2

The question seems simple enough. I can plot 95% credible/confidence ellipses in ggplot using stat_ellipse. I want to find out how to test whether a given point is within that ellipse.

For example, here is a dataset of points and their 95% ellipses, plus a set of randomvalues. I'd like a function that calculates TRUE or FALSE whether the randompalues falls within the ellipse.

library(tidyverse)

set.seed(420)

randomvalues <- data.frame(x = sample(min(mtcars$hp):max(mtcars$hp), 10),
                           y = sample(min(mtcars$disp):max(mtcars$disp), 10))

ggplot(data = mtcars)+
  geom_point(aes(x = hp, y = disp, color = as.factor(cyl)))+
  stat_ellipse(aes(x = hp, y = disp, color = as.factor(cyl)))+
  geom_point(data = randomvalues, aes(x = x, y = y))

This (very contrived) solution comes close, but when points are close to the border of an ellipse, it fails. The test point here is 310,300, which is just outside of ellipse 8. This function says it falls within ellipse 8.

point_in_ellipse <- function(x, y, points, level = 0.95) {
  
  # Calculate mean of points
  mean_x <- mean(points[, 1])
  mean_y <- mean(points[, 2])
  
  # Calculate covariance matrix of points
  cov_mat <- cov(points)
  
  # Calculate eigenvalues and eigenvectors of covariance matrix
  eigen <- eigen(cov_mat)
  
  # Calculate semi-major and semi-minor axes of ellipse
  lambda_1 <- sqrt(eigen$values[1] * qchisq(level, df = 2))
  lambda_2 <- sqrt(eigen$values[2] * qchisq(level, df = 2))
  
  # Calculate orientation of ellipse
  theta <- atan2(eigen$vectors[2, 1], eigen$vectors[1, 1])
  
  # Convert point to ellipse coordinates
  dx <- x - mean_x
  dy <- y - mean_y
  xp <- dx * cos(theta) + dy * sin(theta)
  yp <- -dx * sin(theta) + dy * cos(theta)
  
  # Calculate distance from point to ellipse center
  d <- sqrt((xp / lambda_1)^2 + (yp / lambda_2)^2)
  
  # Check if point is within ellipse
  if (d <= 1) {
    return(TRUE)
  } else {
    return(FALSE)
  }
}

# Split mtcars by cylinder
ellipse.points <- mtcars %>%
  select(hp, disp, cyl) %>%
  split(f = .$cyl)

# Add a randomvalue that is on the border of an ellipse
randomvalues <- rbind(randomvalues, c(310, 300))

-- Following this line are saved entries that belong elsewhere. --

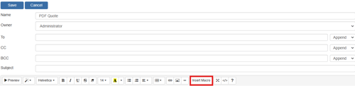 The To, CC, and BCC fields enable you to set default email addresses for specific templates. This is very useful if you want the sales manager BCC'd on every quote that goes out or maybe you need purchasing automatically CC'd when you are sending a payment request email. This feature makes it very easy to automatically default email addresses for specific email templates in your installation. You can also utilize macros in these fields.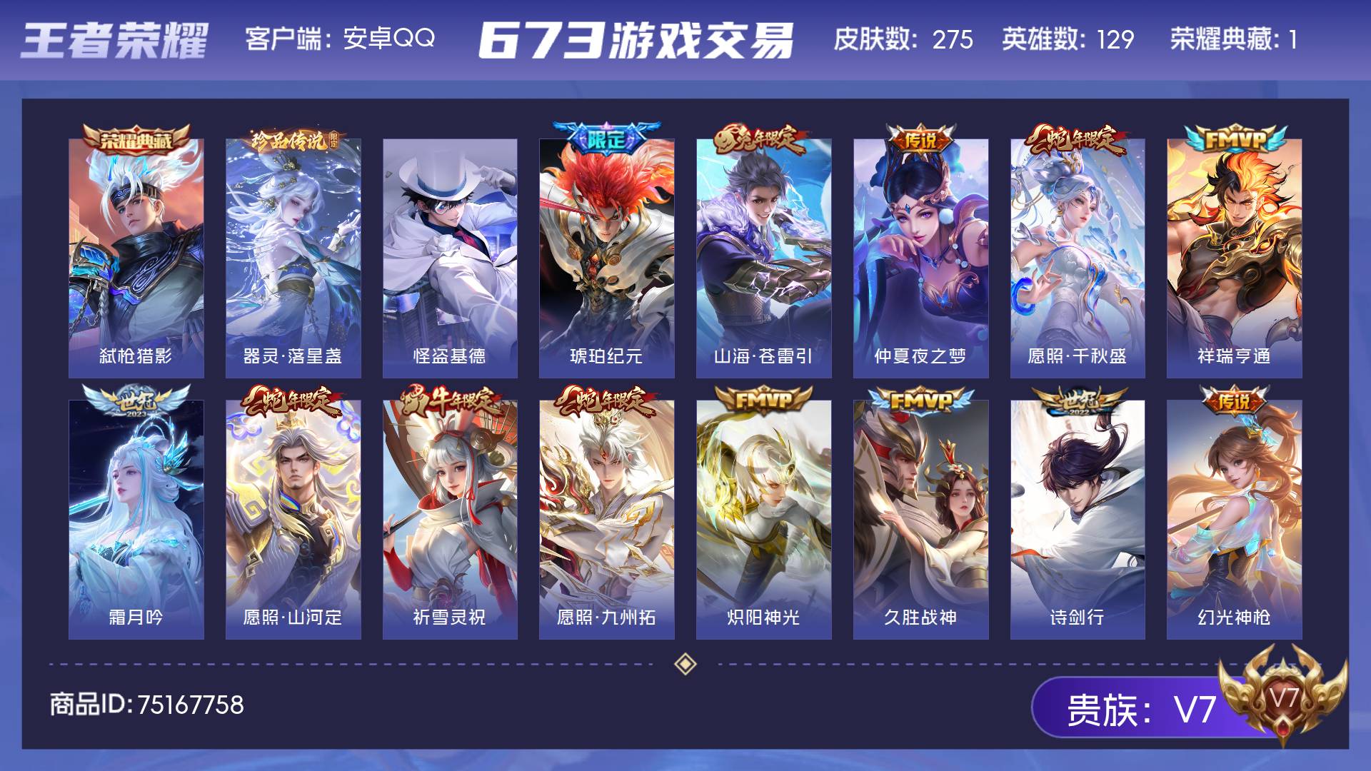 V7 皮肤275 英雄129 永恒钻石 荣耀典藏1 珍品传说2 星传说1 传说14 其他皮肤264
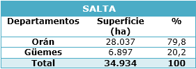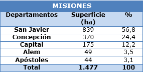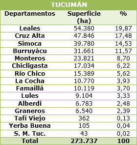 En los cuadros 3, 4, 5, 6 y 7 se muestran los resultados por provincias y departamentos de la República Argentina en cuanto a superficie ocupada por el cultivo.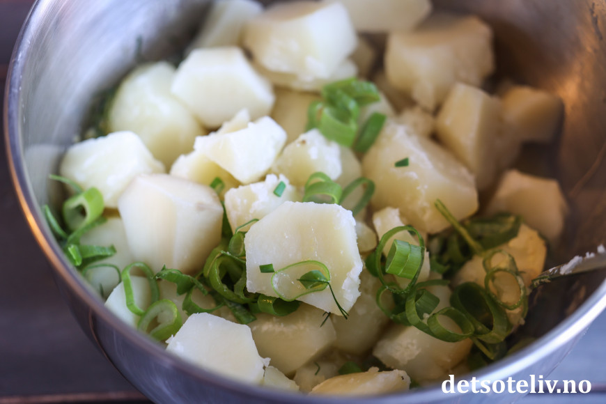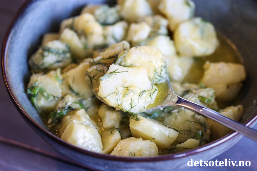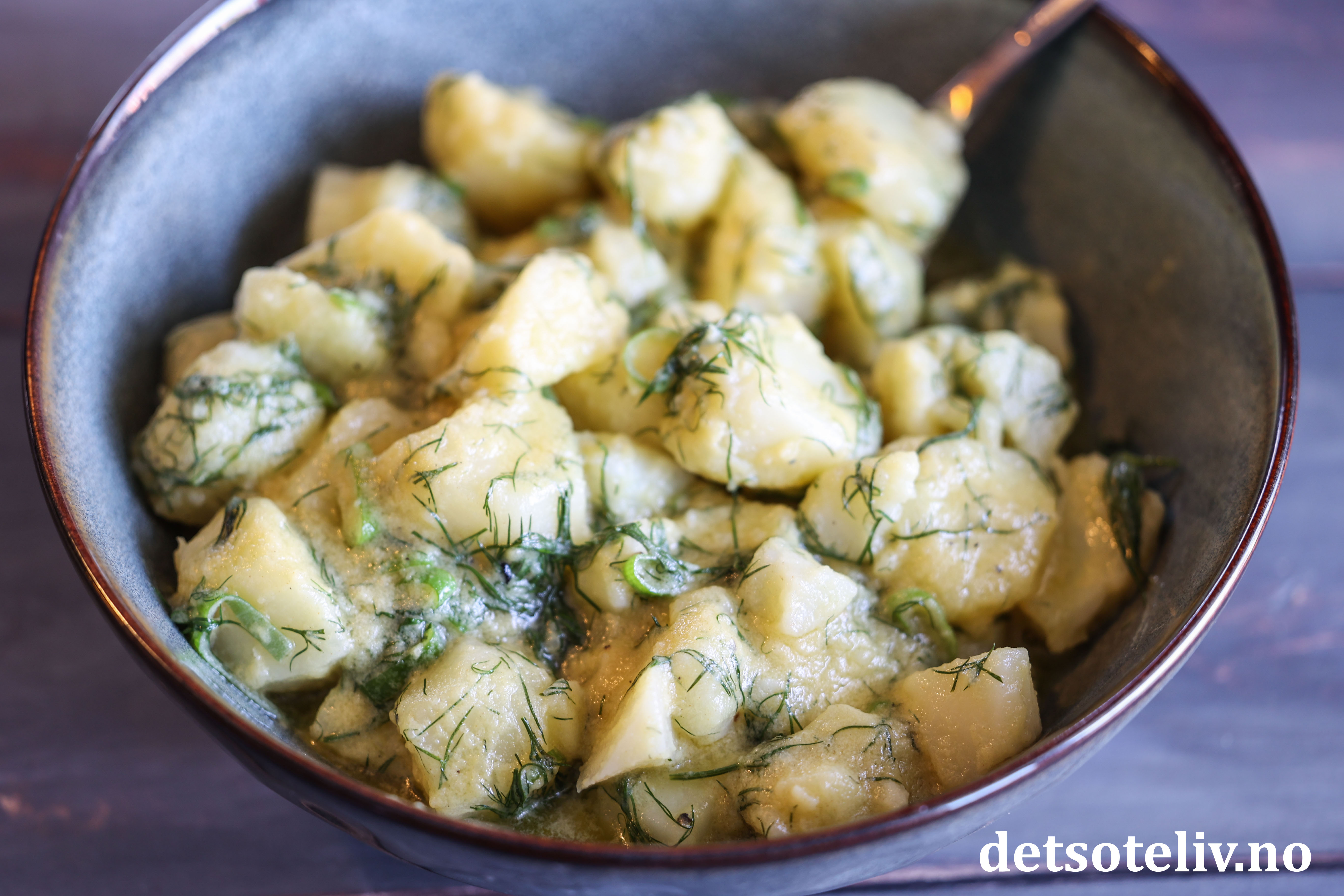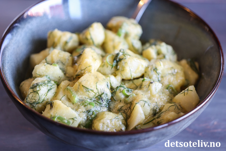 ♥ Siden det er en del smør i denne potetsalaten, smaker den best mens det fortsatt er varme i potetbitene.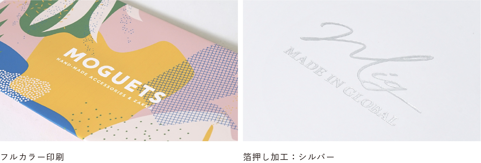 硬め・柔らかめなど質感の異なる用紙もご用意し、商品の魅力を引き立てるセレクトが可能。 ◯ こだわりを叶えるオプション
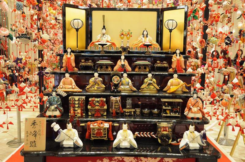 京王プラザホテルは、3階のメインロビーで、約6,800個の本絹古布のつるし飾りと、京都の上賀茂神社から木目込み人形の唯一の正統伝承者として認定を受けている真多呂人形の段飾りが設えられている。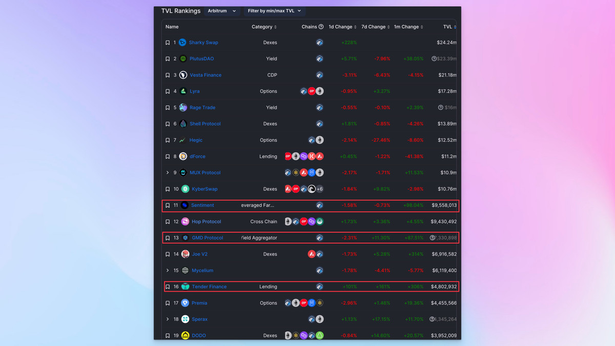 🔹 ตัวอย่าง: หาเหรียญน้ำดี ภายในเชน Arbitrum สาย DeFi คงเข้าใจอยู่แล้วว่า dApps เจ้าเก่า เจ้าดัง จะเป็นรูปแบบ multichain ถ้าเรานำตัวอย่างเทรนด์ตอนนี้คือ Arbitrum

# Make a list to receive the answers
answer <- list()

# For each cylinder, calculate the ellipse, and calcualte whether the randomvalues fall inside it
for(i in names(ellipse.points)){
  answer[[i]] <- apply(randomvalues, 1, function(x) point_in_ellipse(x = x[1], y = x[2], ellipse.points[[i]]) )
}

# Convert back to df
final.df <- cbind(randomvalues, do.call(cbind, answer))

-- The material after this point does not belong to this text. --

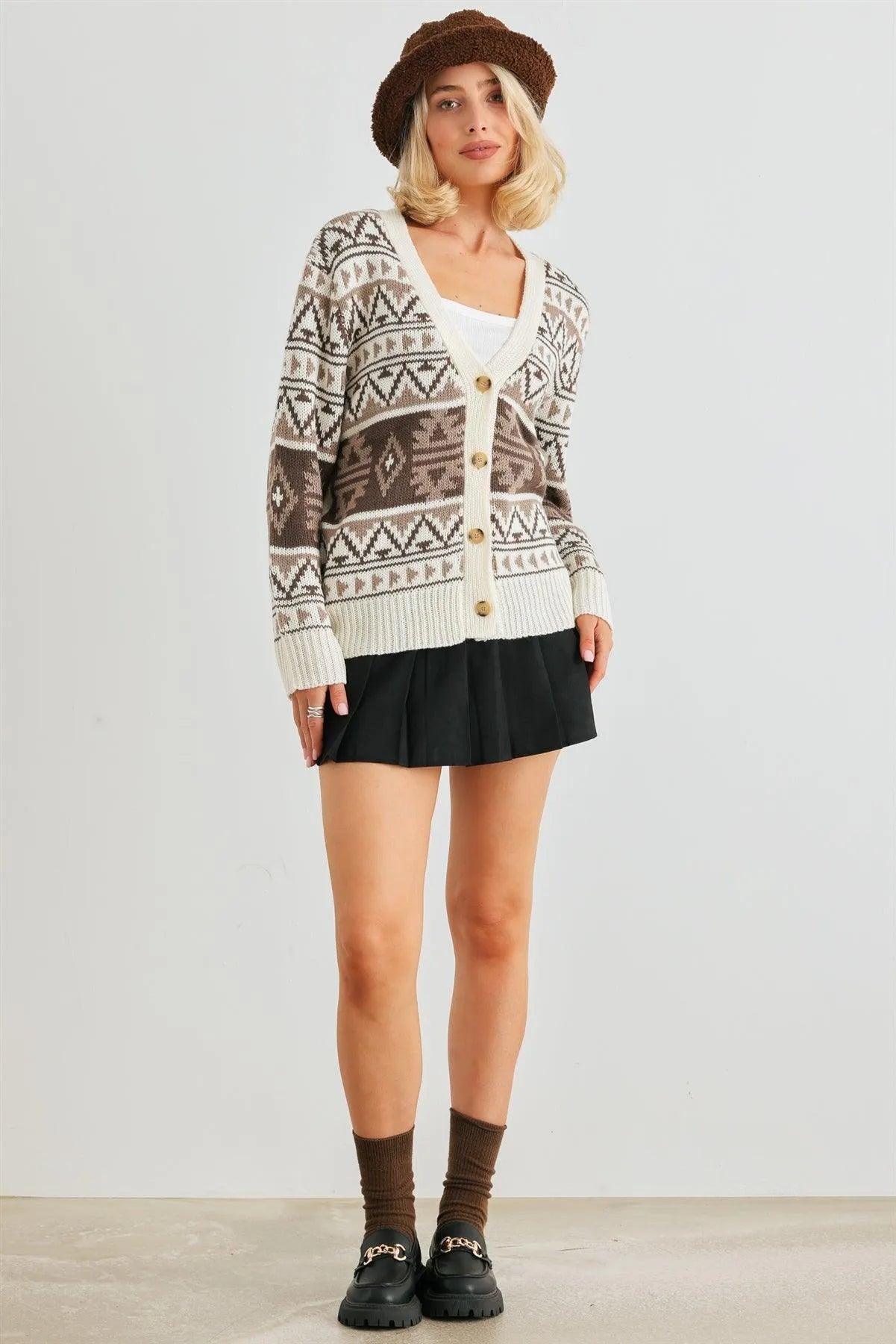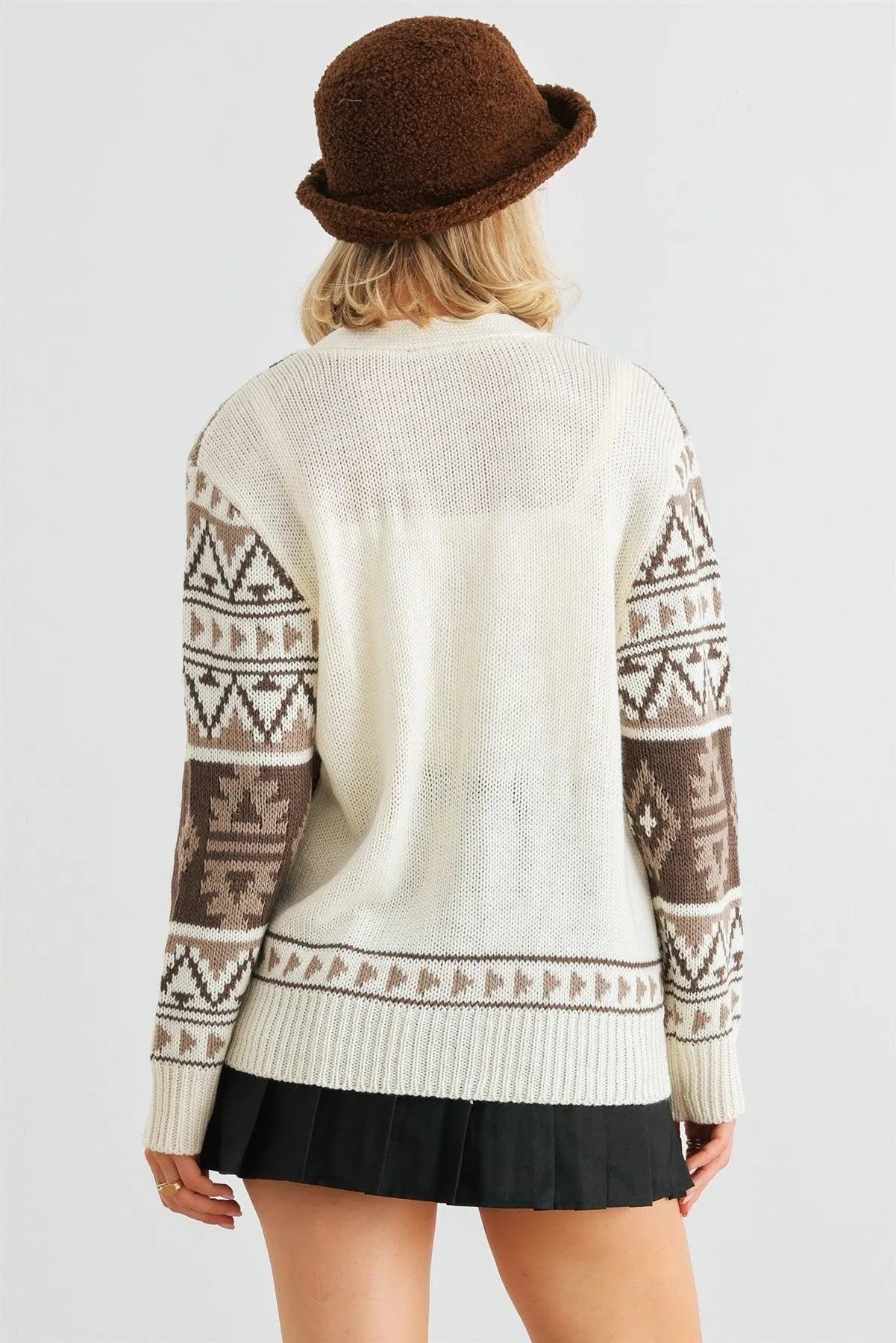 Cream Fair Isle Knit Button-Up Long Sleeve Cardigan Sweater /2-2

I think stat_ellipse must not use the chi squared distribution or the covariance matrix, or must use another way of calculating its ellipses.

Any ideas?

EDIT: 8 May 2022 Based on suggestions from @tjebo, I tried to calculate the ellipses with car::dataEllipse(), then convert the ellipses to sf objects, then use st_intersects to find which points intersect which ellipses.

# Calculate ellipses for each cyl using car::dataEllipse
list.of.cyls <- split(mtcars[,c(4,3)], f = as.factor(mtcars$cyl))

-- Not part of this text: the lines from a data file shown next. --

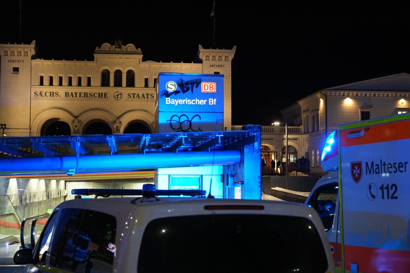 - Polizei und Feuerwehr vor dem Bayerischen Bahnhof.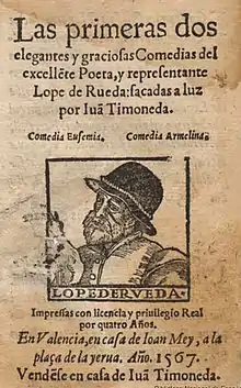 Lope de Rueda (c.1510–1565)[1] was a Spanish dramatist and author, regarded by some as the best of his era. A versatile writer, he also wrote comedies, farces, and pasos. He was the precursor to what is considered the golden age of Spanish literature.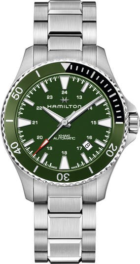 With classic dive watch looks, this Swiss-crafted timepiece makes a splash on land or water and features easy-to-read indexes with 12- and 24-hour markers.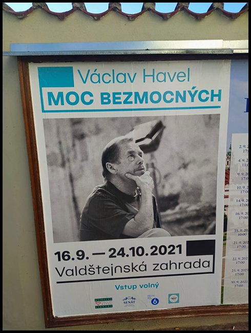 Dne 30. září se třídy 4.E a 4.A vypravily do Prahy do Valdštejnské zahrady na výstavu Moc bezmocných připravenou Knihovnou Václava Havla. Expozice je inspirovaná známým esejem bývalého prezidenta a koná se u příležitosti Havlových nedožitých 85. narozenin a 10. výročí jeho úmrtí. Úkolem žáků bylo pročíst si informace na jednotlivých panelech a vyplnit připravené pracovní listy. Podle pořadatelů je „hlavní ambicí výstavy oslovit zejména mladou generaci po celé Evropě a inspirovat ji k přemýšlení o sobě samé, o světě, o Evropě a o odpovědnosti člověka jako neoddělitelné součásti jeho práv a svobod“. Podle odpovědí v pracovních listech a názorů vyslovených v diskusi o výstavě se tento záměr autorů vydařil.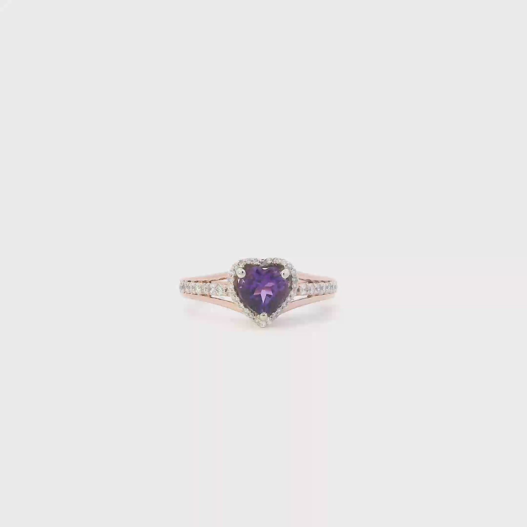 10K Rose Gold Synthetic Amethyst & Diamonds Womans Ring - 0.23ct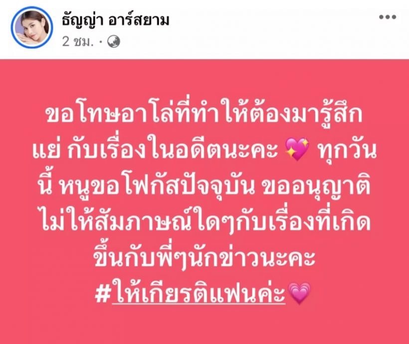 “ธัญญ่า อาร์สยาม”ฟาดปมนักร้อง อ. โลก4ใบ ขอโฟกัสปัจจุบัน ยันให้เกียรติแฟน

cyl.ellipses <- lapply(list.of.cyls, function(x) car::dataEllipse(x = x$hp, y = x$disp, draw = FALSE) %>%
                           .$`0.95` %>%
                           as_tibble(.) %>%
                           st_as_sf(coords = c("x", "y")) %>%
                           summarise(geometry = st_combine(geometry)) %>%
                           st_cast("POLYGON")
)

# Convert randomvalues to sf
randomvalues.sf <- randomvalues %>%
  st_as_sf(coords = c("x", "y"))

# Already the ellipses are off
ggplot()+
  geom_sf(data = do.call(bind_rows, cyl.ellipses), fill = NA)+
  geom_point(data = randomvalues, aes(x = x, y = y))

ggplot()+
  stat_ellipse(data = mtcars, aes(x = hp, y = disp, color = as.factor(cyl)))+
  geom_point(data = randomvalues, aes(x = x, y = y))

Before we do any intersection calculations, the ellipses are already off. Not sure how my calculation of ellipses using dataEllipses varies from stat_ellipse, but somehow it does.

Anyone have an idea?

Alex Krohn
  • 71
  • 5
  • The documentation for `stat_ellipse` says it is based on `car::dataEllipse`, so perhaps you could use that package to work out what is going on – Andrew Gustar May 04 '23 at 17:29
  • 1
    I guess the way to go is to convert the ellipse to a spatial object and then use something like `sp::point.in.polygon()`. I'm pretty sure I've seen some similar threads but on a quick search I struggle to find those. They are here somewhere :) – tjebo May 04 '23 at 18:11
  • e.g. https://stackoverflow.com/questions/21971447/check-if-point-is-in-spatial-object-which-consists-of-multiple-polygons-holes – tjebo May 04 '23 at 18:12
  • @tjebo This is a good solution, but without knowing precisely how dataEllipse create the ellipses from points, I cannot convert the ellipse to a polygon. Do you have a suggestion about how to generate the ellipse polygons from a set of x, y coordinates? – Alex Krohn May 08 '23 at 17:17
  • 1
    Hey Alex, I'm afraid I won't have time to dig into this problem myself too much at this point in time... sorry! – tjebo May 08 '23 at 18:44

1 Answers1

1

short answer: car::dataEllipse is using an F-statistic cutoff (analogous to a Student t-distribution cutoff, taking the uncertainty of the variance estimate into account). In contrast, you're using a cutoff based on a chi-squared distribution, analogous to Normal cutoffs, assuming the variance is known exactly (i.e., the sampling variance is equal to the true variance).

From that function:

radius <- sqrt(dfn * qf(level, dfn, dfd))
result[[i]] <- ellipse(center, shape, radius, ...)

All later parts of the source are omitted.